In the records below, repeat exactly the lines between the line holding "Ricoh 500 Gx Operating Instructions" and the line holding "Saute the ghee", inclusive, and drop the pictures.

THE INPUT
↓↓↓

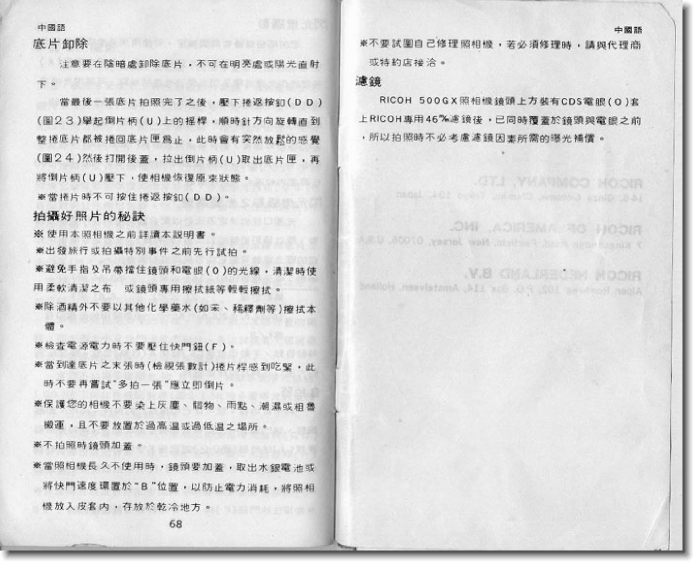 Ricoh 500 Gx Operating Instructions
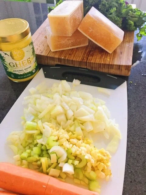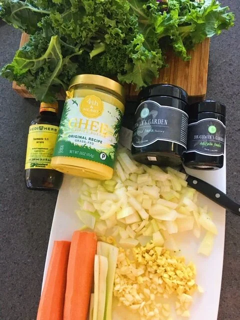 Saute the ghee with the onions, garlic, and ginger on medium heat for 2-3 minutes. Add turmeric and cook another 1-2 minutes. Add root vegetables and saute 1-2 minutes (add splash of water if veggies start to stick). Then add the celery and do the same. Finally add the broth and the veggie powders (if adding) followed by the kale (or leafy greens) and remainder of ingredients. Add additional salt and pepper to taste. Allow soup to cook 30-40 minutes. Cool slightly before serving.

↑↑↑
↓↓↓

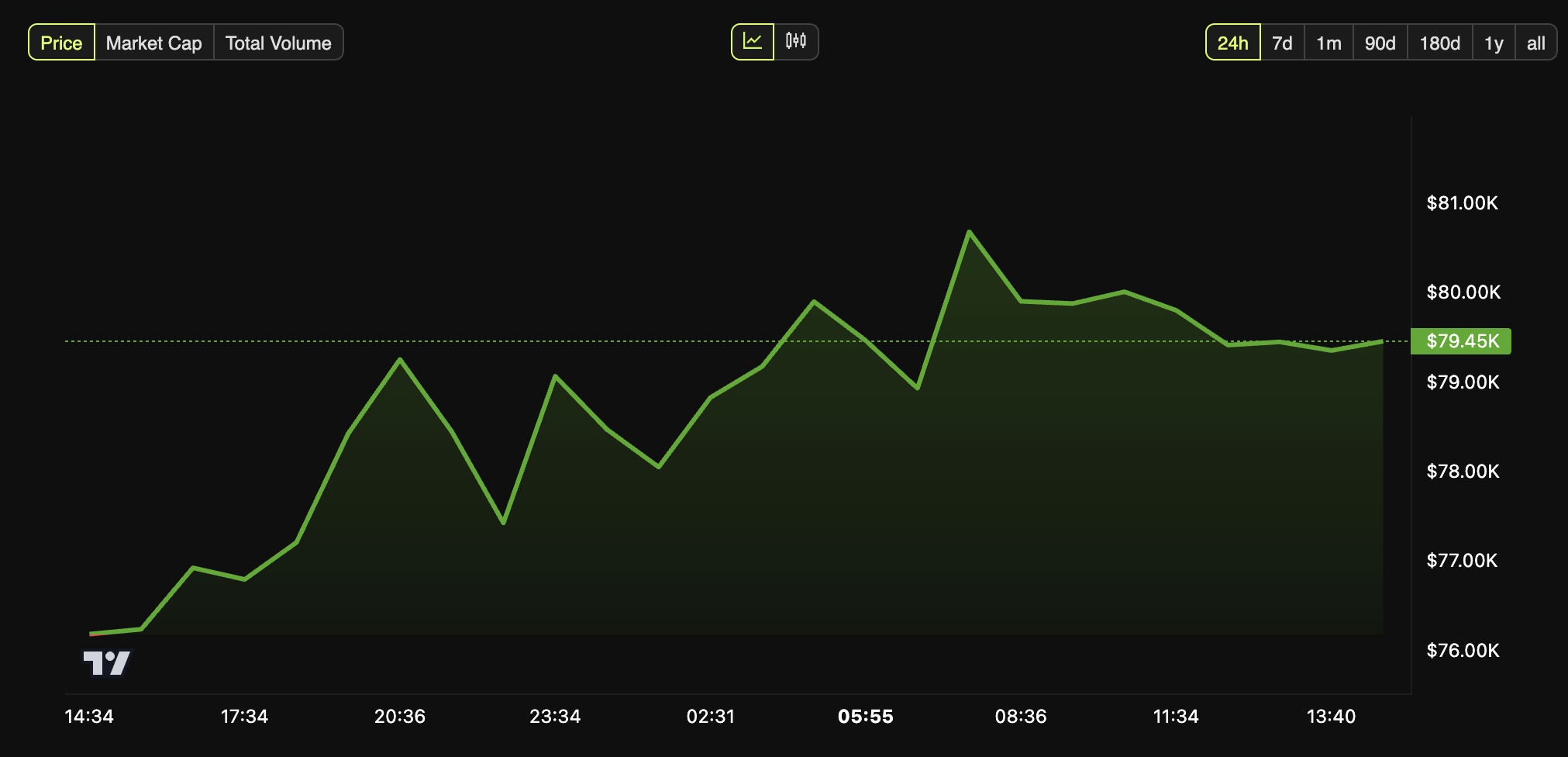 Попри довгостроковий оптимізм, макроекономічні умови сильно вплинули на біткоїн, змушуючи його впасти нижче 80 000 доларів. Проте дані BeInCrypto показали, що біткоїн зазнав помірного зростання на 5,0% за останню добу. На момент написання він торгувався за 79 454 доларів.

↑↑↑

RESPONSE TO THE TASK
 Ricoh 500 Gx Operating Instructions
 Saute the ghee with the onions, garlic, and ginger on medium heat for 2-3 minutes. Add turmeric and cook another 1-2 minutes. Add root vegetables and saute 1-2 minutes (add splash of water if veggies start to stick). Then add the celery and do the same. Finally add the broth and the veggie powders (if adding) followed by the kale (or leafy greens) and remainder of ingredients. Add additional salt and pepper to taste. Allow soup to cook 30-40 minutes. Cool slightly before serving.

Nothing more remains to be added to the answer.